Antidotum voor de wereld van vandaag

De Zuid-Koreaanse schrijfster en Nobelprijswinnaar Han Kang loopt door de straten van Warschau. De stad ligt bedolven onder een laag sneeuw, gehuld in dichte witte mist. De mensen op straat zijn vreemden voor haar. Ze spreken een taal die zij niet begrijpt. De schrijfster is hierheen gekomen om een verhuld verdriet te verwerken, een rouwproces te doorlopen. Hoe en waar te beginnen? Ze kijkt rond en komt op het idee de kleur van sneeuw en van de kou om zich heen te verkennen.

‘Wit’ begint met een handvol woorden uitgestrooid op een blanco blad: het begin van een moeizaam en indringend proces. ‘En ik fantaseer dat zij hierheen is gekomen, niet ik. Naar deze wonderlijk vertrouwde stad waarvan dood en leven gelijkenis vertonen met haar leven en dood. Zoals ik me haar voorstel, zo loopt zij hier door de straten.’
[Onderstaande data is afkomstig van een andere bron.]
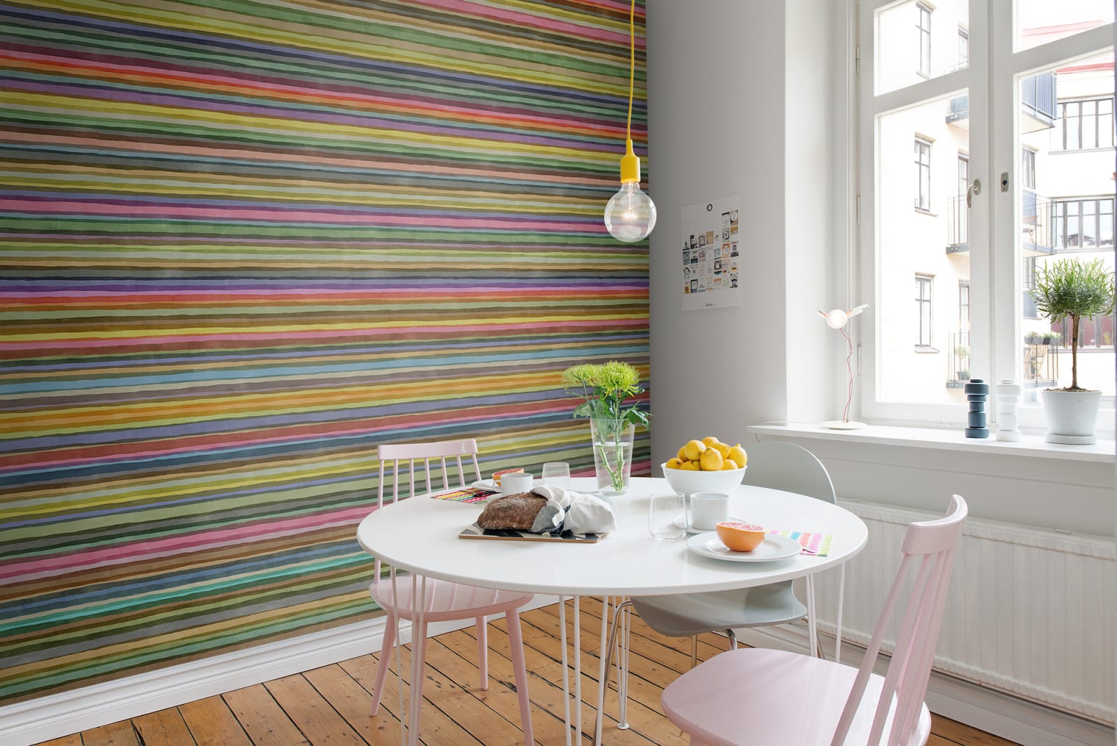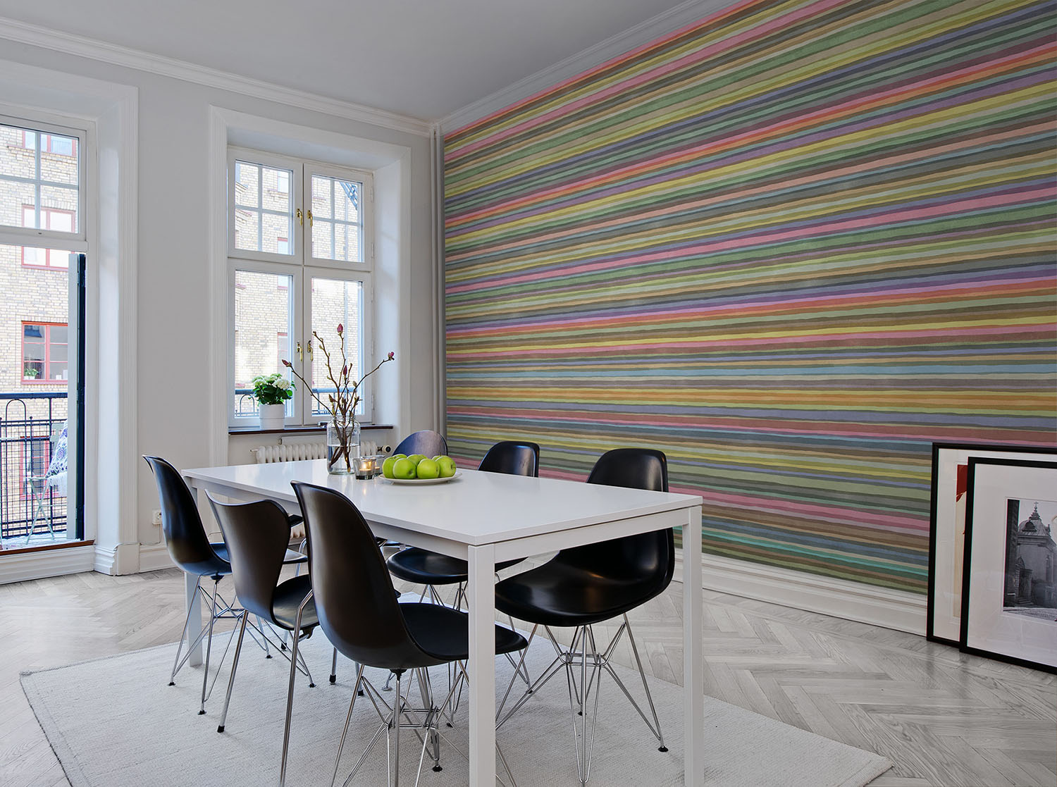 Un perete îmbrăcat în linii în culorile curcubeului! Ribbon va adăuga dimensiune,adâncime și substanță camerei dumneavoastră! Plasați-l vertical pentru a creea iluzia optică de înălțime, pentru spații cu tavanul jos, sau orizontal pentru un efect de lungime. Vibrant, fascinant, acest fototapet va transforma orice perete în punctul focal al întregii încăperi!

Han Kang doolt rond, reflecteert over leven en dood en leert over de geschiedenis van Warschau. Ze put ook uit haar eigen herinneringen. Associaties met wit en rouw komen vanzelf. Wit kleurt de as van verkoolde lichamen en platgebombardeerde huizen. Het is ook de kleur van gebalde vuisten in de kou, een lijkwade, zoutkristallen, koplampen van een auto, de geluidloze vleugelslag van een kraanvogel en een suikerklontje. Voorts: de Ijsbloemen op het venster; warme monden waaruit witte adem wolkt, het peinzende witte gezicht van de maan, de in de verte naderende winterzee. Witte meeuwen staan er in de branding gezamenlijk te kijken naar de rood kleurende zonsondergang. Op het moment dat de golf op haar hoogst is, spat ze wit sproeiend uiteen op het zand. Han Kang twijfelt bij natte sneeuw, die noch regen, noch sneeuw, ijs of water is. ‘Gaat alles dan toch voorbij?’ vraagt ze zich af.
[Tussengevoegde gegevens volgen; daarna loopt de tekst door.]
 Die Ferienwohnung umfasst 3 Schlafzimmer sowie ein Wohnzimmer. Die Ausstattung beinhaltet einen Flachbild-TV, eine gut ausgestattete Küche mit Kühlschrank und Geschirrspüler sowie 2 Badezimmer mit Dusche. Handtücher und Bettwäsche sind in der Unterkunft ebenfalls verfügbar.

Tijdens slapeloze, donkere nachten lijken bepaalde voorwerpen wit. Wanneer ook maar een sprankje licht doordringt, vertonen zelfs dingen die anders niet wit zouden zijn een wazige, kleurloze gloed. ’s Avonds maak ik de slaapbank in een hoek van de woonkamer op en ga ik in dat fletse licht liggen. Ik doe geen moeite om in slaap te vallen, maar ik wacht af en voel dat mijn zintuigen zich afstemmen op het verstrijken van de tijd. De bomen bij het raam werpen silhouetten op de witgepleisterde muur. Ik peins over degene die lijkt op deze stad, denk na over de trekken van het gezicht. Tot de contouren samenvallen en ik de uitdrukking erop kan lezen.’
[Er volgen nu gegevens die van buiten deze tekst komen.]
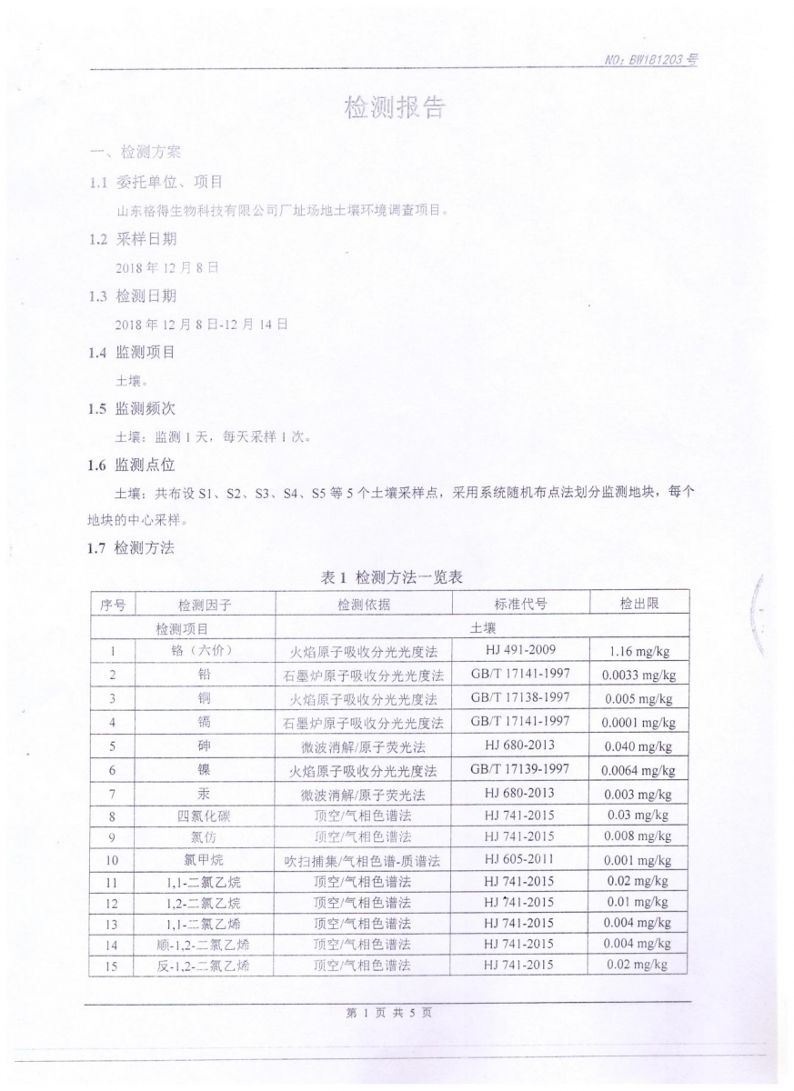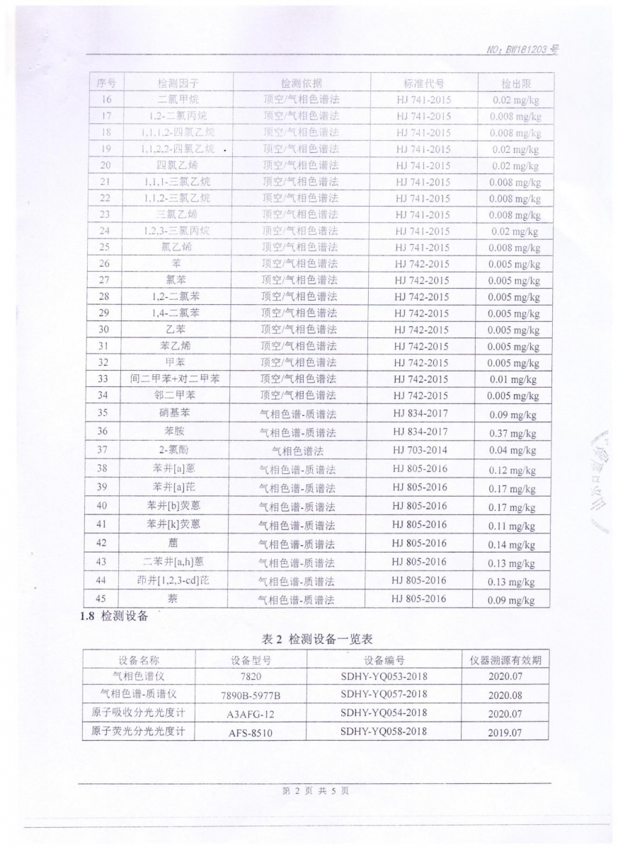 2018年土壤檢測報(bào)告

Witte mistflarden trekken in de loop van het boek langzaam op en er tekenen zich omtrekken af. Wit en woorden vloeien ritmisch in elkaar over en er ontstaat een soort golfslag. Wat statisch is, komt in beweging. Wat dood is, hervindt levenskracht. Louter door de kracht van concentratie op wit, herrijst de as van herinnering in een nieuwe vorm. Het is een vorm van zuivering, met wit als magische kapstok waaraan herinneringen aan leed, vreugde en twijfel worden opgehangen.

Met een onzichtbare witte draad tussen beelden, reflecties en woorden schiep Han Kang het unieke, poëtisch-fictieve, maagdelijk witte levensverhaal van haar tot dan toe onbestaande ‘onni’ (oudere zus) die meteen na haar geboorte overleed en wier leven de schrijfster al die tijd in haar plaats leek te leiden. ‘Mijn zus was dood, maar ik kwam tot leven.’

‘Nu geef ik je witte dingen.

Alles wat wit is, al wordt het misschien bezoedeld;

Alleen witte dingen zal ik geven.

Nu twijfel ik niet langer

Of ik jou dit leven wel geven moet.’

De unheimische, etherische, bedachtzame ziel die in dit boek huist, is een antidotum voor de wereld van vandaag.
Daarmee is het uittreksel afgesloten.